The good: the system load scales *very* well -- we have it servicing thousands of players and 40+mbit of game traffic on a single node right now and the CPU is 95% idle.

The bad: under load we're creating or deleting rules 10-20 times per second and want to scale that much higher. 

Our initial implementation used sudo iptables however this had considerable overhead; we were able to cut that time in half by converting 4 iptables calls into 1 iptables-restore with noflush. We then rewrote our server to run as root and use the native iptc APIs (knowing full well we're at the mercy of things changing) and this made things about 20x faster.

The ugly: as the number if iptables rules increases the time required to modify the table grows. At first this is linear but it starts to go super-linear after about 16,000 rules or so;  I assume it's blowing out a CPU cache.

Here's some real world numbers for creation time (again, note 1 proxy = 4 iptables rules)

The first 100 proxies take under 1ms each
At 750 proxies we're seeing them take 10ms each
At 4000 proxies we're at 70ms each
At 5000 proxies we're at 100-160ms each (it's erratic)

I can post a graph somewhere if people want to see it.

I did a bit of timing; for the 1st proxy created it's very fast:

104us iptc_init
19us  2x iptc_insert_entry and 2x iptc_append_entry
50us ipc_commit
65us iptc_free

At the 5000 proxy / 20,000 rule mark the timings are nearly 1000x longer; note timings are in milliseconds instead of microseconds:

38 ms for iptc_init("nat");
0.05 ms for 2x iptc_insert_entry and 2x iptc_append_entry
72 ms for iptc_commit
5.5 ms for iptc_free

My test machine is an old Intel(R) Pentium(R) D  CPU 2.66GHz (obviously we use big iron for production servers) and I've observed the same scaling problems in production.

At this point I'm getting desperate and am questioning my sanity -- looking at the iptc interfaces I just don't see how I could improve things -- even the allocator overhead for 20,000 rules is painful.

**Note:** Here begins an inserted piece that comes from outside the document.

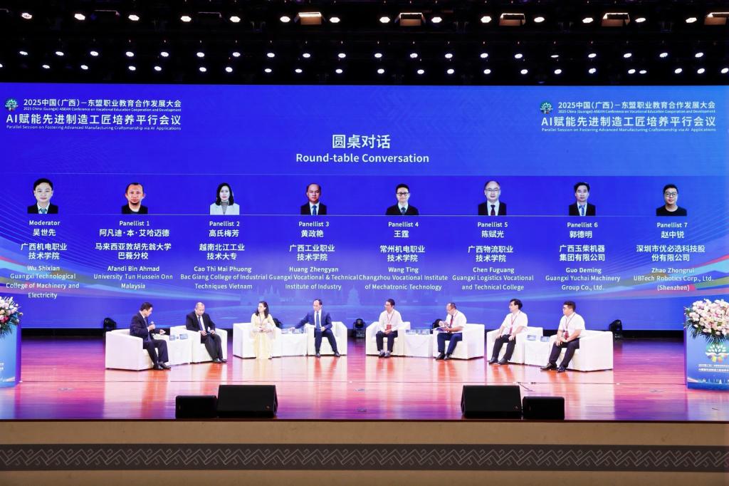 在圆桌对话环节,广西工业职业技术学院校长黄政艳、常州机电职业技术学院教务处副处长王霆、广西物流职业技术学院副校长陈赋光、马来西亚敦胡先翁大学巴莪分校校长阿凡迪·本·艾哈迈德、越南北江工业技术大专副校长高氏梅芳、深圳市优必选科技股份有限公司柳州制造中心总经理赵中锐以及广西玉柴机器集团有限公司副总经理郭德明等专家学者围绕“中国—东盟职业院校AI赋能先进制造工匠培养的挑战与应对路径”等热点议题畅所欲言,在观点碰撞与共识凝聚中,为区域产教深度融合与人才协同培养勾勒出了清晰的实施路径。圆桌对话环节由吴世先主持。

The best I can do is a whole lot of async back flips to batch up operations that have accumulated while we were grinding in iptc_* and try to flush them through in a single init/commit -- I might be eating over 100ms of latency per batch but I might be able to sustain a higher throughput.

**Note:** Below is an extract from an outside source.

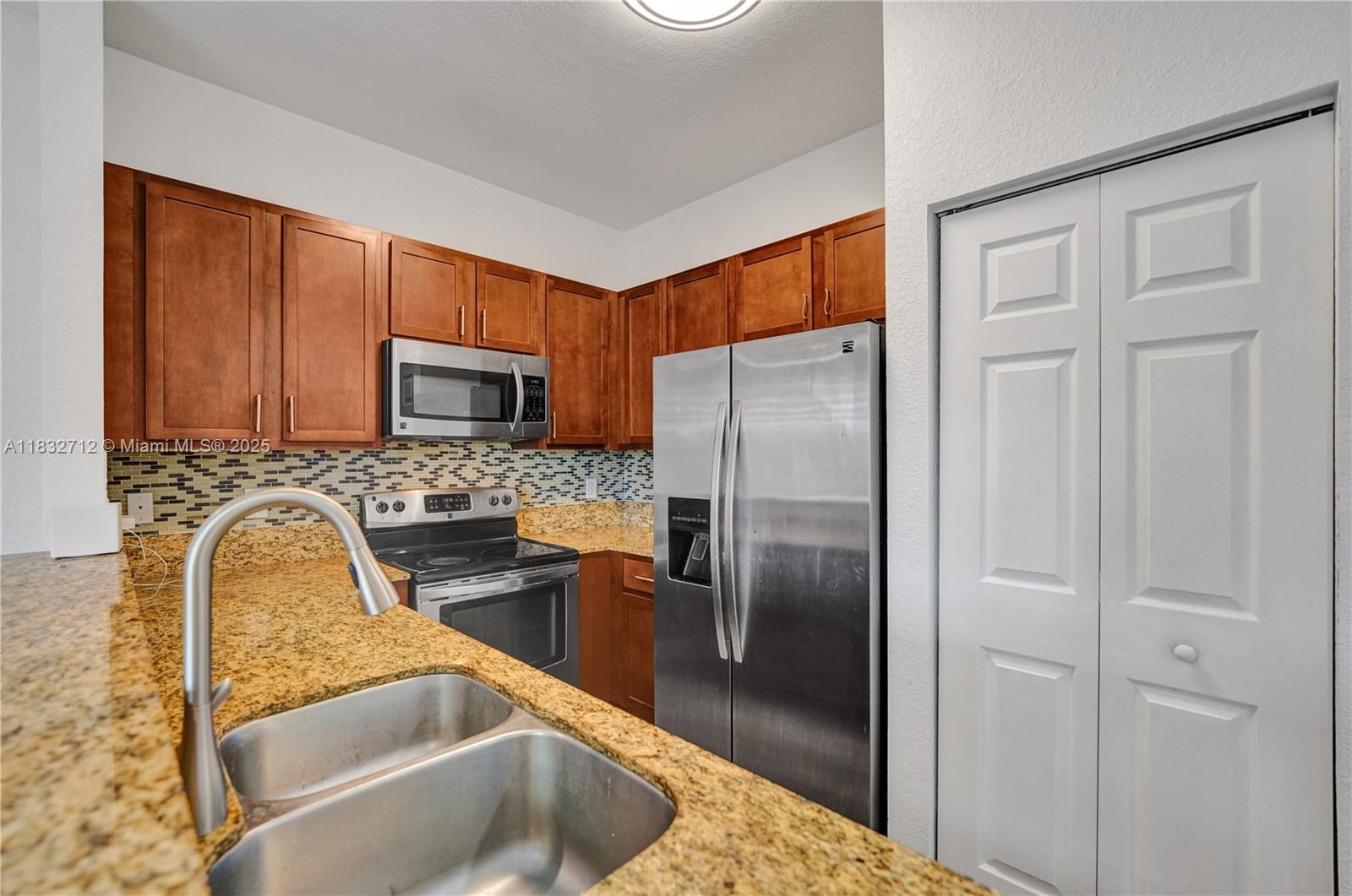 Beautiful and move-in ready 2-story Mediterranean-style townhome in the gated community of Village Walk. This spacious 3-bed, 2.5-bath home features granite countertops, glass tile backsplash, stainless steel appliances, New laminated flooring throughout, washer and dryer, alarm system, and two assigned parking spaces right in front of the unit. Enjoy the community’s **low HOA fees** and great family-friendly amenities including a clubhouse, pool, and playground. FHA and VA loans are approved, making financing easy! Built in 2014 with approximately **1,656 sq ft of living space**, this home is ideally located near top-rated schools, shopping centers, restaurants, major highways like I-75, and just minutes from Pembroke Lakes Mall. A perfect place to call home!

Will nftables scale any better? I'm not sure how much headache it would be to ride the bleeding edge but if that's what it takes I'll do it. 

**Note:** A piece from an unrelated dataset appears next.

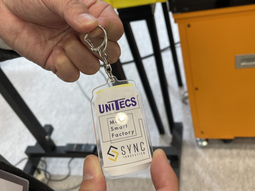また、キーホルダー製造で用いられるナスカン取り付けを自動化する「ナスカン自動機」も紹介し、従来ペンチで行っていた作業の代替を提案した。

Is there any way to shard the tables so that I can operate on smaller slices? I'm sure the answer here is 'no.'

I haven't looked at libiptc's internals -- I assume the problem is the current pattern of 'get it all, modify it, put it all back.' I'm guessing that since nobody has yet made it support incremental changes that this is probably not easy.

Thoughts, suggestions and criticism welcome.